Xinyang Liu (刘昕洋)

Incoming PhD,
Statistics and Data Sciences (SDS)
The University of Texas at Austin

Email: xinyangATK [AT] gmail [dot] com
Google Scholar | Github | Twitter

Bio

Howdy! I am an incoming PhD student at The University of Texas at Austin , advised by Prof. Mingyuan Zhou. I’m also work closely with Dr. Ruqi Zhang, an Assistant Professor at Purdue University. I received my M.S degree from Xidian University in 2024, advised by Prof. Bo Chen. Previously, I obtained my B.S degree from Xidian University in 2021.

My research interests lie in the general area of probablistic modeling, particularly in solving real-world problems through advanced Generative AI systems. My recent research focuses on Generative Modeling, including its theory exploration and various applications in data generation and multimodal learning. I am also highly interested in 2D & 3D generation, robot learning, planning, and agent learning upon Generative AI.

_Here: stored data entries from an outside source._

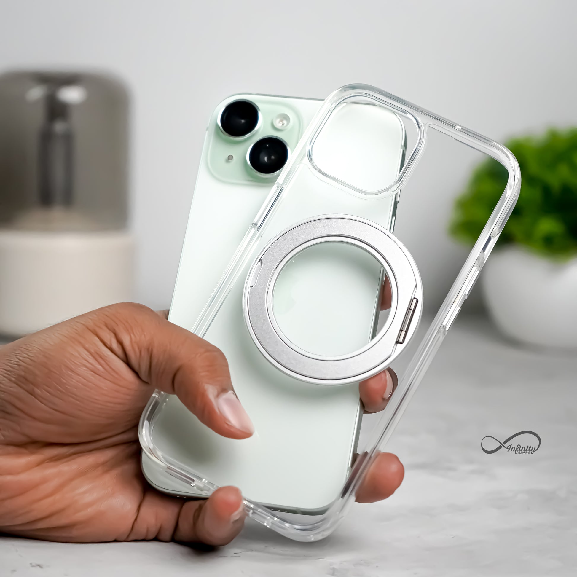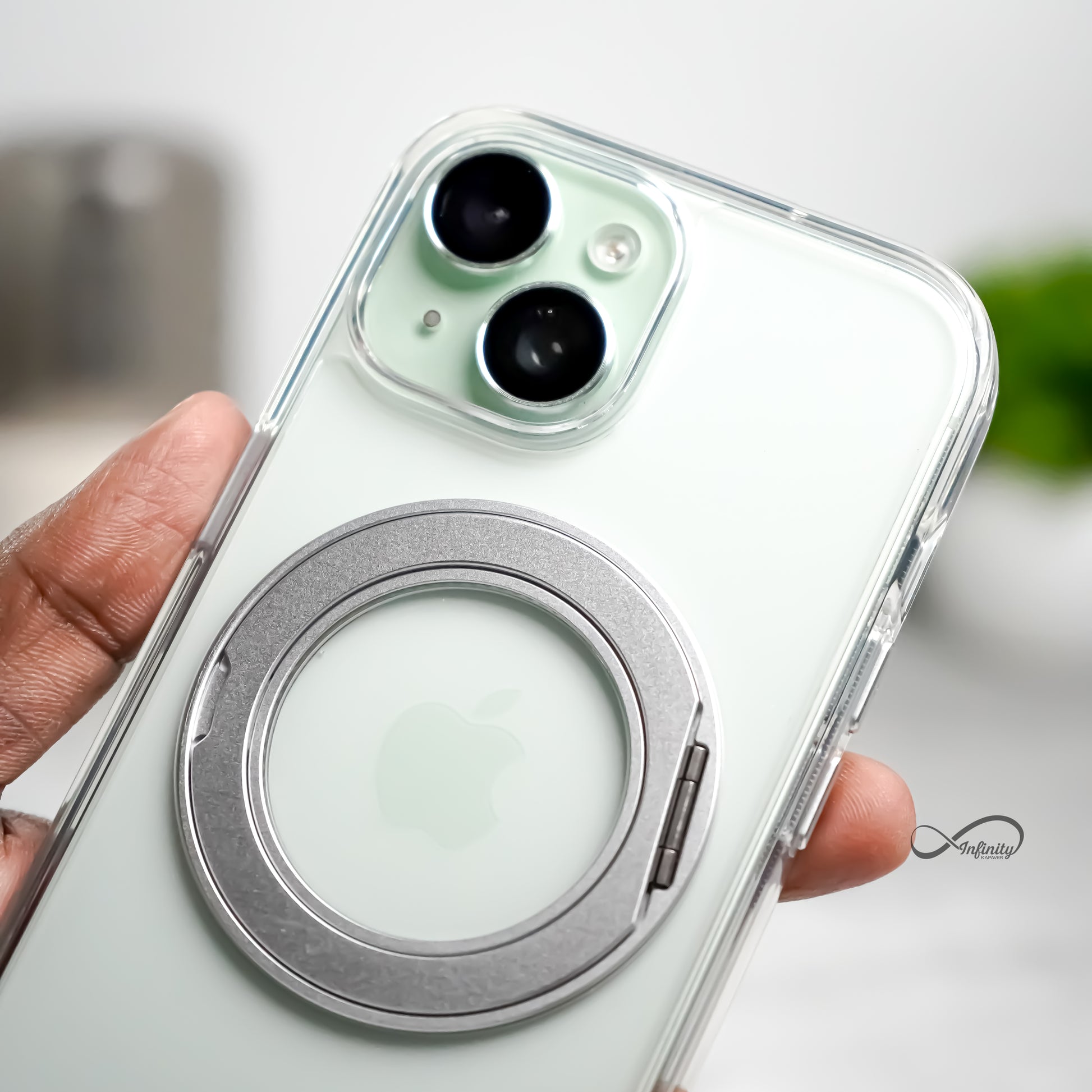 iPhone 15 Back Cover Case | 360 Kickstand Mag-X - Clear
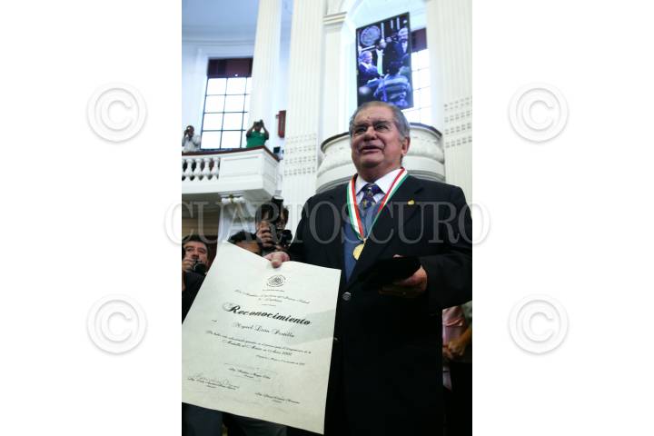 MÉXICO D.F., 09OCTUBRE2008.- En ceremonia solemne se realizo la entrega de la Medalla al Merito Cívico Eduardo Nery a Miguel León Portilla en la Cámara de Diputados . FOTO: GUILLERMO PEREA/CUARTOSCURO.COM
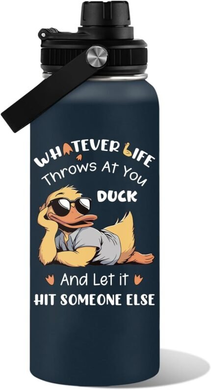Duck Water Bottle 32oz, Funy Duck Stainless Steel Tumbler With Lid, Double Wall Vacuum Insulated Ducks Coffee Travel Cup, Christmas Birthday Gift for Ducks Lover
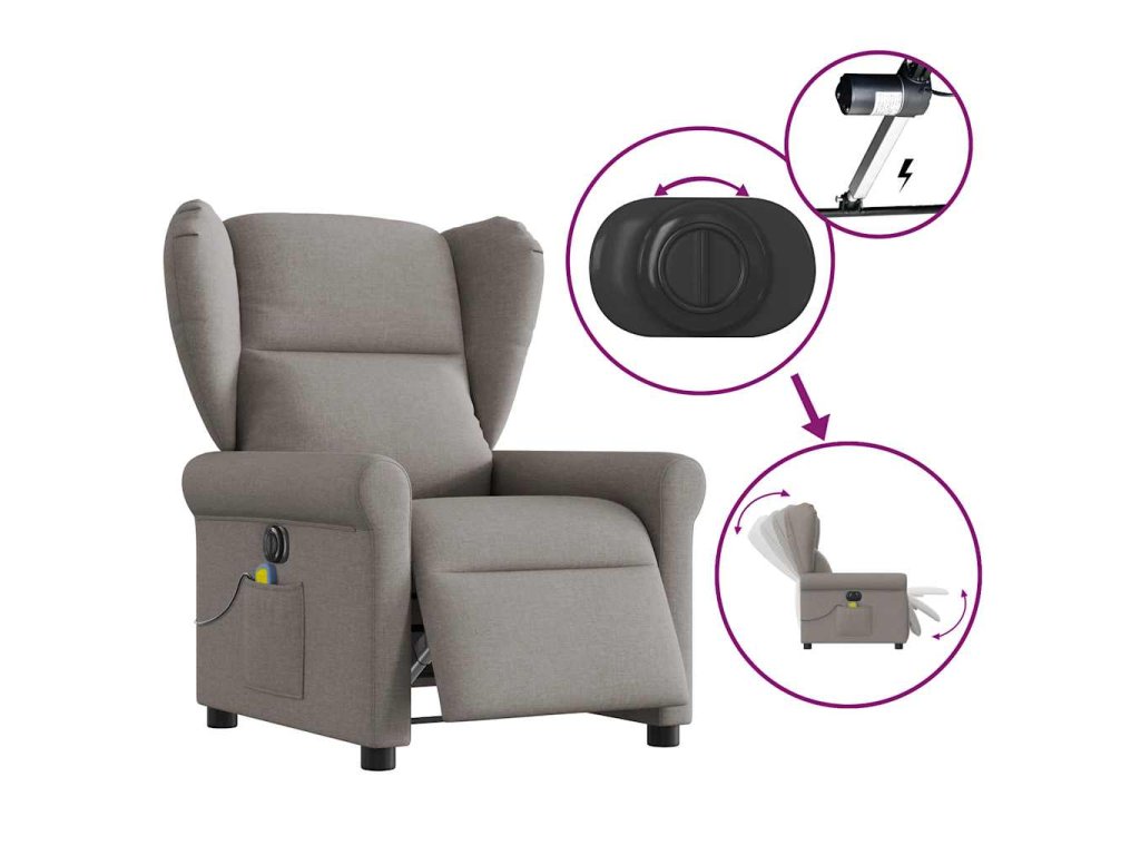 Elektrické masážní polohovací křeslo taupe textil 3303371

If you share the same research interests with me, feel free to reach out or add my WeChat.

news

Jun, 2025	Our paper “Beyond Matryoshka: Revisiting Sparse Coding for Adaptive Representation” has been selected for an Oral Presentation at ICML 2025! Big congratulations to Tiansheng!
Mar, 2025	I’m thrilled to accept the offer from UT-Austin and can’t wait to enjoy the legendary barbecue 🔥🍖🤠 in Austin!
Jan, 2025	Happy Birthday🍰🕯️👑 The best gifts come from two accepted papers! Much appreciation to all of my collaborators and advisors! In “Optimal Stochastic Trace Estimation in Generative Modeling” (AISTATS 2025), we leverage the Hutch++ estimator in generative modeling and propose a practical algorithm that amortizes decompositions to reduce costs, while also providing theoretical guarantees specifically in generative modeling context. In “Advancing Graph Generation through Beta Diffusion” (ICLR 2025), we futher explore the potential of Beta Diffusion in graph modeling and propose a novel graph-driven generative process with concentration modulation technique, which makes Beta Diffusion unique again!
Jun, 2024	I graduated with a master’s degree in Xidian University!
Apr, 2024	Our paper “Patch-Prompt Aligned Bayesian Prompt Tuning for Vision-Language Models” is accepted by UAI 2024.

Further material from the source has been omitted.